The mayor of Trieste (Italian: sindaco di Trieste) is an elected politician who, along with the Trieste's City Council, is accountable for the strategic government of Trieste, Friuli-Venezia Giulia, Italy.

The current mayor is Roberto Dipiazza, a member of the centre-right party Forza Italia, who took office on 20 June 2016.

==Overview==
According to the Italian Constitution, the Mayor of Trieste is member of the City Council.

The Mayor is elected by the population of Trieste, who also elect the members of the City Council, controlling the Mayor's policy guidelines and is able to enforce his resignation by a motion of no confidence. The Mayor is entitled to appoint and release the members of his government.

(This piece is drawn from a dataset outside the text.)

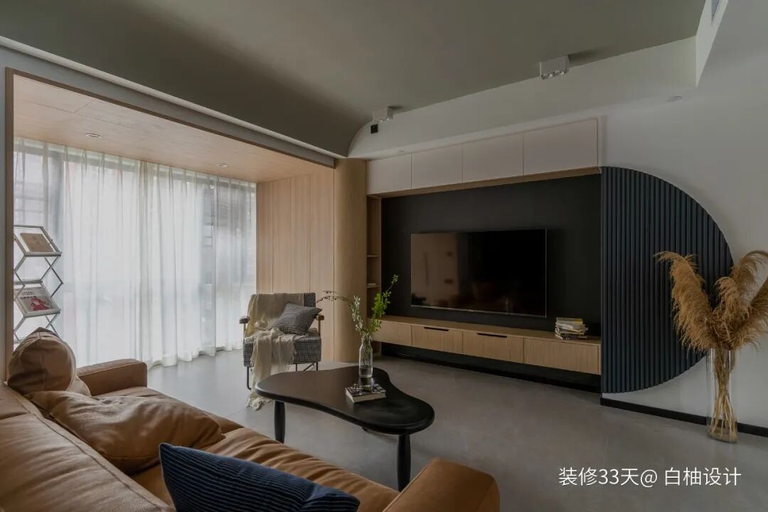 ▲ 黑色电视背景上下都定制了储物柜,右侧墙面做了半圆造型,带来些许趣味性

Since 1993 the Mayor is elected directly by Trieste's electorate: in all mayoral elections in Italy in cities with a population higher than 15,000 the voters express a direct choice for the mayor or an indirect choice voting for the party of the candidate's coalition. If no candidate receives at least 50% of votes, the top two candidates go to a second round after two weeks. The election of the City Council is based on a direct choice for the candidate with a preference vote: the candidate with the majority of the preferences is elected. The number of the seats for each party is determined proportionally.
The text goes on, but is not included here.